В шахматной коробке обе армии ждали очередного краткого воскрешения. Марека за столиком не было. Пошел отлить? У стариков мочевой пузырь слабый. Он торопливо ткнул пальцем в первую попавшуюся пачку на витрине у стойки, расплатился, дорогие, сволочи, и вышел.

– Кэмел, – попрошайка, прикуривая, заслонился от ветра грязной рукой в грязной митенке с обрезанными пальцами, – говно. Польское говно. Ну все равно, спасибо.

Пальцы, удерживающие трепещущий огонек, как в раковине, были грязные, с обломанными черными ногтями, но длинные, красивые пальцы. Сколько ему лет? Сколько им всем тут лет?

– Она врет, – сказал, наконец, нищий, – наша соловушка.

– Это я уже понял.

– Она вовсе не пыталась спасти Нахмансона.

– Погодите, это вы о старой Валевской? Ну как же не пыталась? Она же отдалась этому Пушному, чтобы его спасти.

– Я ж говорю, врет.

Нищий торопливо затянулся. Клубы дыма расплывались в темнеющем воздухе, словно капля воды, пущенная в стакан с чернилами.

– Это она его сдала, Нахмансона. Сама сдала.

– Зачем?

– Вам такое имя – Вертиго ничего не говорит?

– Псевдоним, – поправил он машинально.

– Какая разница? Так вот, Нахмансон. Он ведь и правда был… как тогда говорили? – вредителем. Собственно… Это все Ковач. Ковач работал на…

– Сопротивление. Народный фронт. В отряде Костжевского.

– А, вы знаете. Ну да. Так вот, в один прекрасный день Ковач пришел к Нахмансону, и тот не смог ему отказать. Нахмансон ведь очень любил Ковача. Как сына, которого у него никогда не было.

– А Ковач его предал. Слюбился с его женой.

Лицо нищего то освещалось тлеющим огоньком сигареты, то уходило в тень, и оттого черты лица менялись, нос гротескно увеличивался и вновь сжимался, рот искривлялся, морщины вдоль щек углублялись и вновь пропадали…

– С чего вы взяли? Она сказала? Это Вертиго ее надоумил. Все думали, она неравнодушна к Ковачу. Нахмансон тоже. Но он так любил Ковача, что прощал ему даже это. Ковач, prawdziwa idiota, тоже так думал. А на самом деле…

– Вертиго?

– Да, Вертиго. Она одним махом избавилась и от мужа, и от Ковача. Ловко, верно? Беда в том, что ее саму стали таскать на допросы. Не учла специфику новой власти. К тому же Нахмансон все понял. И дал на нее показания. Тогда она и соблазнила этого энкавэдешника.

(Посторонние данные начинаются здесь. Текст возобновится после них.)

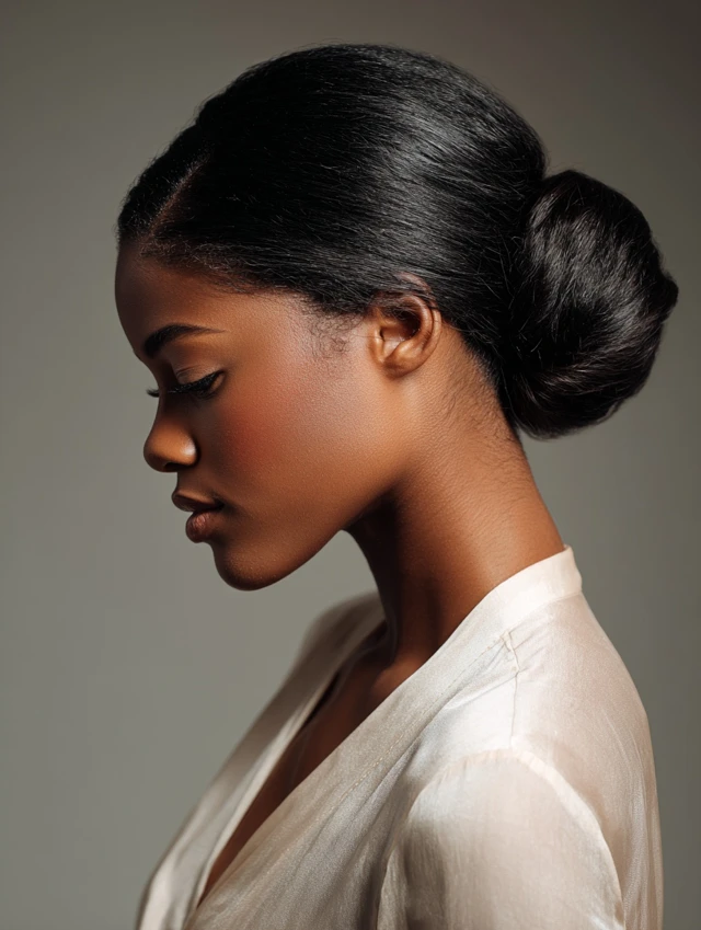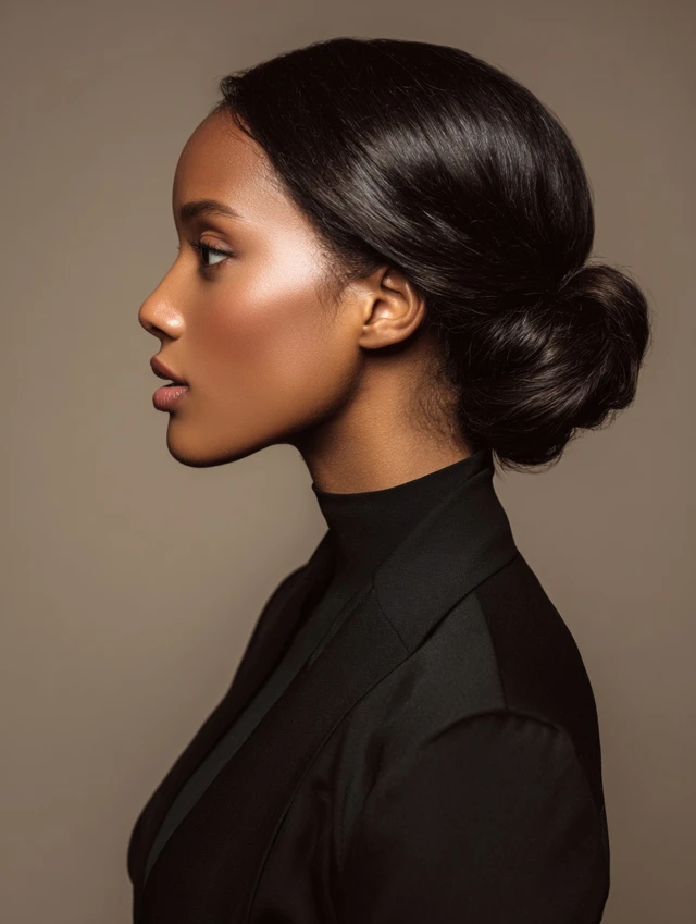 A low bun keeps natural hair sleek and controlled, perfect for professional settings. Defined edges frame the face and add a polished touch. This style works well for oval, heart, and square face shapes and keeps hair protected from daily wear.
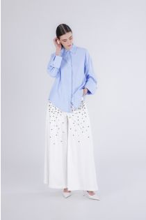 Oxford-hemd aus baumwolle für damen mit 3/4-ärmeln. elegantes design mit schmuckdetails an manschetten und oberstem knopf. ideal für stilvolle tages- und abendgarderobe frisch und vielseitig. das model ist 171 cm groß und trägt größe s. passform: normal.
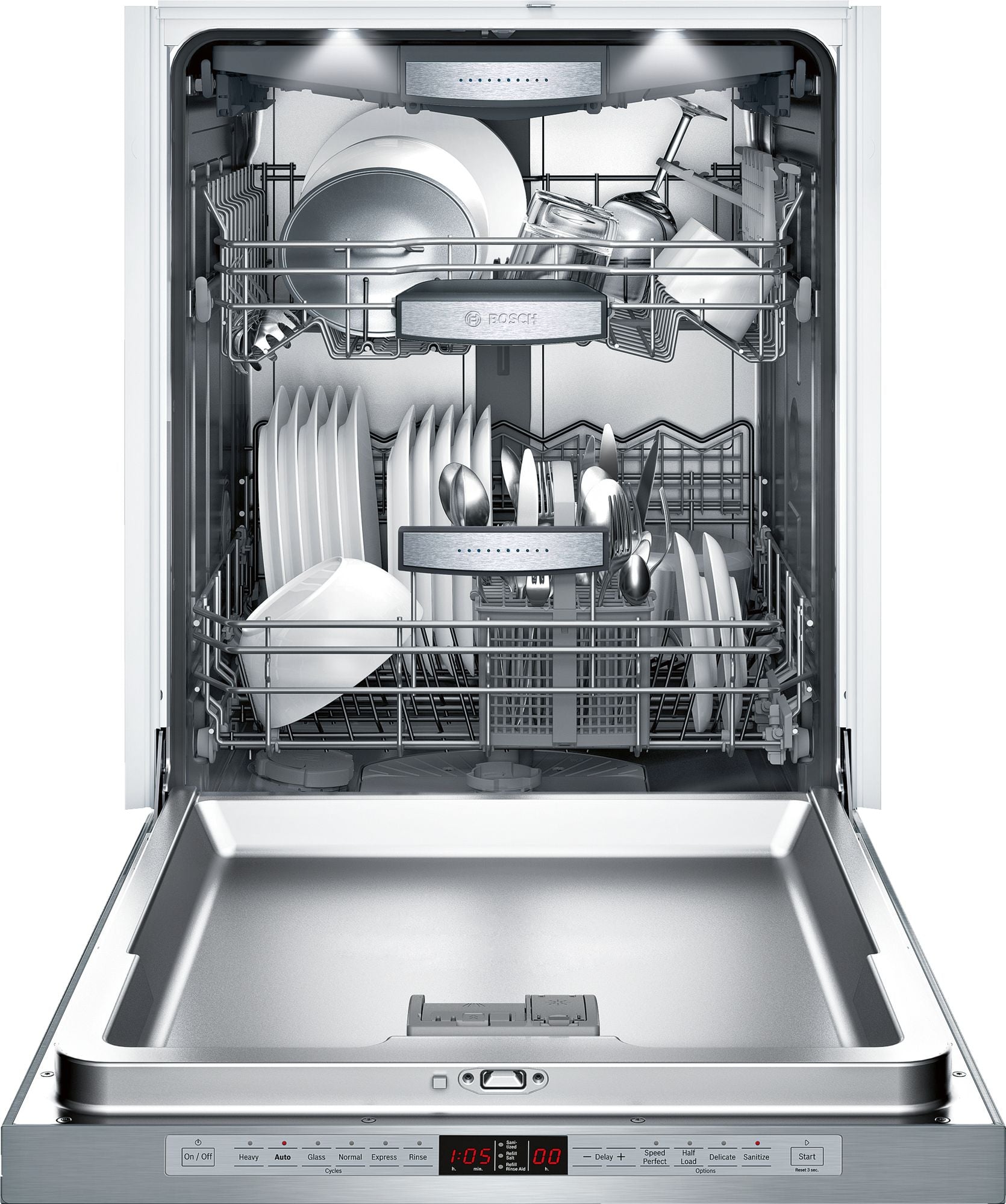 Tell us what's wrong with your Bosch SHE9PT55UC/87 Benchmark Series 24 Inch Built In Recessed Handle Dishwasher - Stainless Steel, and we can predict what parts you need to fix it.
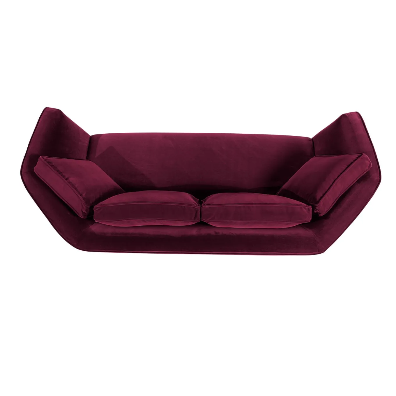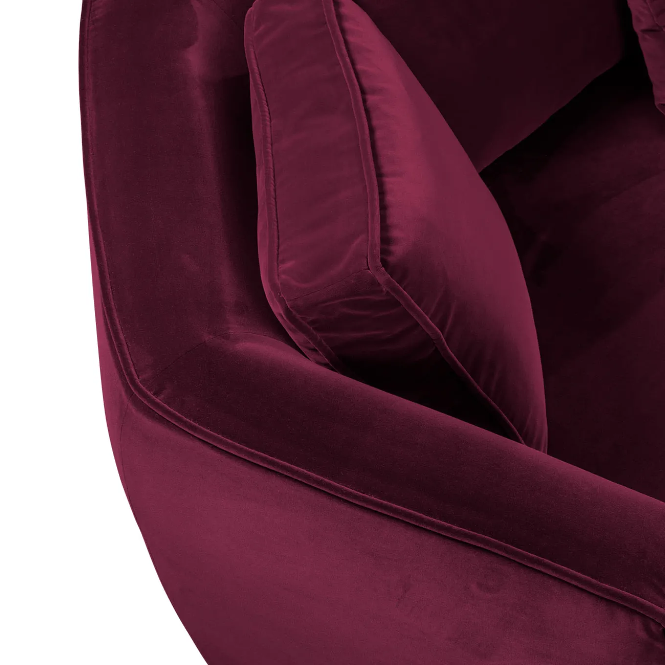 Exuding a refined classic style of utmost sophistication, this sofa will make a statement in both private living settings and in the hospitality sector. Upholstered with a non-removable red velvety fabric cover, it is made of solid wood and plywood, resting on a satin brass-coated wooden base. The fixed, welcoming seat is padded with high-density non-deformable polyurethane, while the backrest is filled with memory foam and enriched with goose down-padded cushions.

– Версия не хуже любой другой. А почему тогда этот Пушной ее убил?

– С чего вы взяли, что Пушной ее убил?

Сам собой зажегся желтенький фонарь в подворотне. В конусе света висела водяная пыль. Нищий докурил сигарету до фильтра и отбросил окурок, который умирающим светлячком прочертил дугу в мокром воздухе и погас.

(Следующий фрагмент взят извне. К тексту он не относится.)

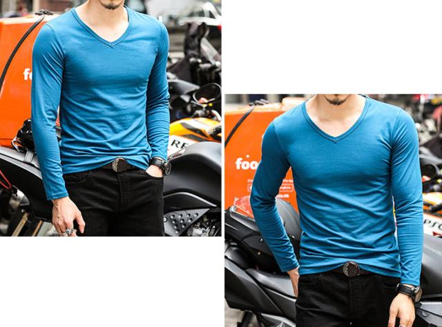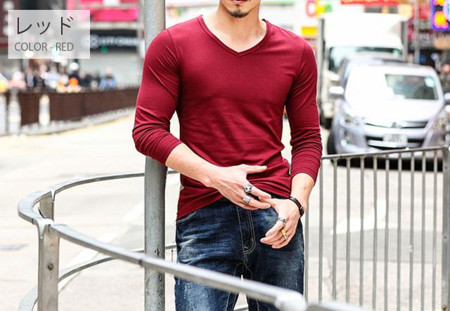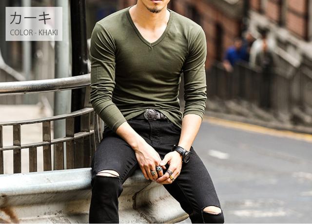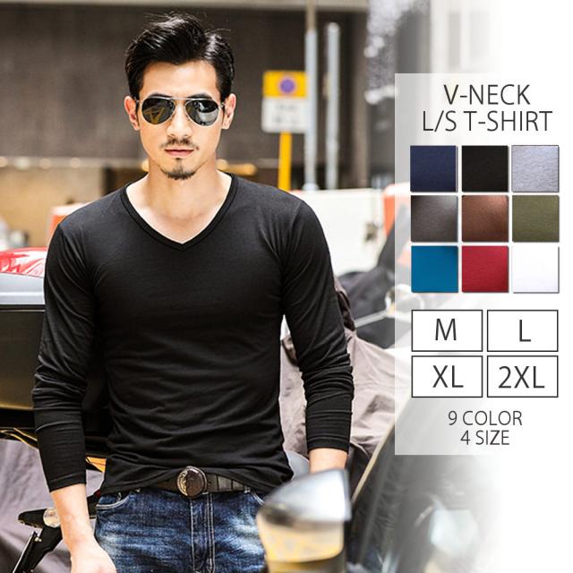 期間限定 SALE Vネック 長袖 Tシャツ ロングスリーブ トップス メンズ #TA825c1 カットソー 無地 シンプル M便
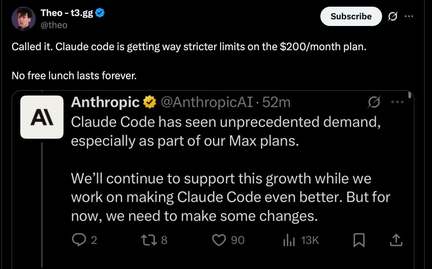 Bottom line: Anthropic just added weekly limits to Claude Pro ($20/month) and Claude Max ($200/month), affecting their heaviest users of Claude Code…mid-workflow.
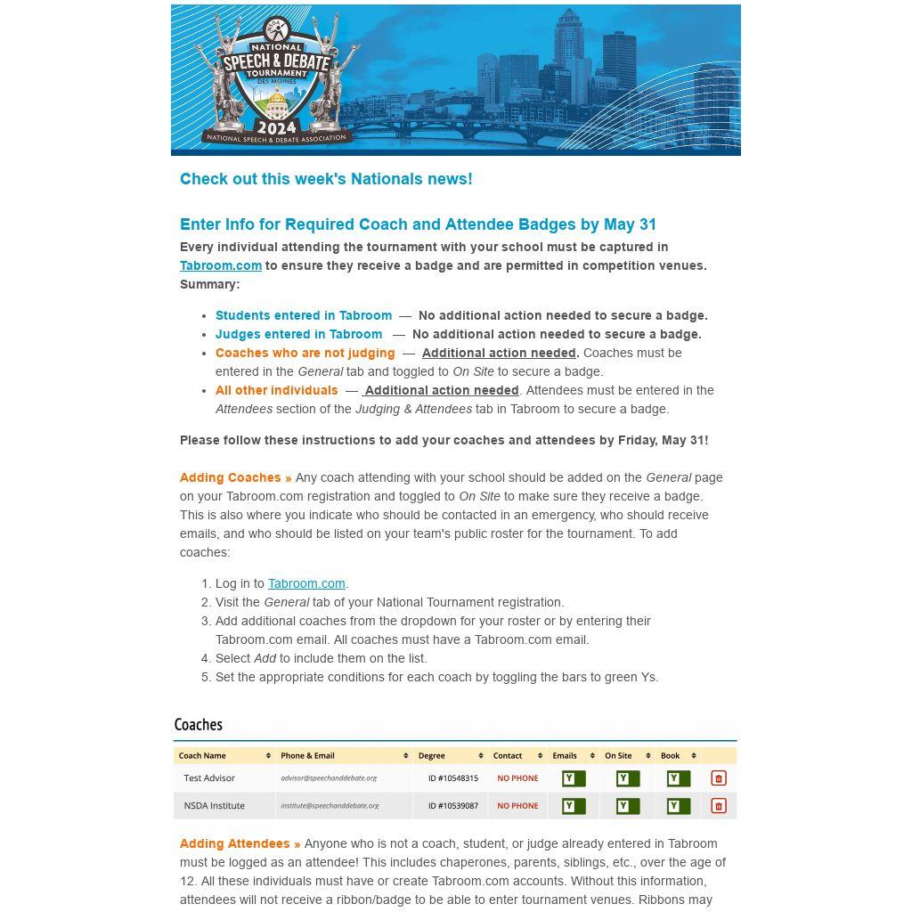 All other individuals — Additional action needed. Attendees must be entered in the Attendees section of the Judging & Attendees tab in Tabroom to secure a badge.

– Это же театр. Театр, понимаете?

Отличное алиби, вот так погибнуть на глазах у сотен зрителей. И пустая могила. Да, все сходится. Что ей стоило немножко полежать в гробу – в белых лилиях… А потом – новое имя, новые документы, свобода. У нее, должно быть, были еще сообщники. Хотя бы врач, который случайно, совершенно случайно оказался на спектакле и поднялся на сцену, и подтвердил смерть. Предположим, она могла незаметно подменить боевой патрон холостым, если разбиралась в этом, конечно. Тогда вся эта сцена в гримерной перед спектаклем, все это объяснение – все было рассчитано на то, что Пушной, доведенный до крайности, выстрелит. Она же пела Кармен! Пушной наверняка видел ее в роли Кармен, дальше уже суггестика…

Перейти на страницу:

Похожие книги

1. Щит и меч. Книга первая
1. Щит и меч. Книга первая

В канун Отечественной войны советский разведчик Александр Белов пересекает не только географическую границу между двумя странами, но и тот незримый рубеж, который отделял мир социализма от фашистской Третьей империи. Советский человек должен был стать немцем Иоганном Вайсом. И не простым немцем. По долгу службы Белову пришлось принять облик врага своей родины, и образ жизни его и образ его мыслей внешне ничем уже не должны были отличаться от образа жизни и от морали мелких и крупных хищников гитлеровского рейха. Это было тяжким испытанием для Александра Белова, но с испытанием этим он сумел справиться, и в своем продвижении к источникам информации, имеющим важное значение для его родины, Вайс-Белов сумел пройти через все слои нацистского общества.«Щит и меч» — своеобразное произведение. Это и социальный роман и роман психологический, построенный на остром сюжете, на глубоко драматичных коллизиях, которые определяются острейшими противоречиями двух антагонистических миров.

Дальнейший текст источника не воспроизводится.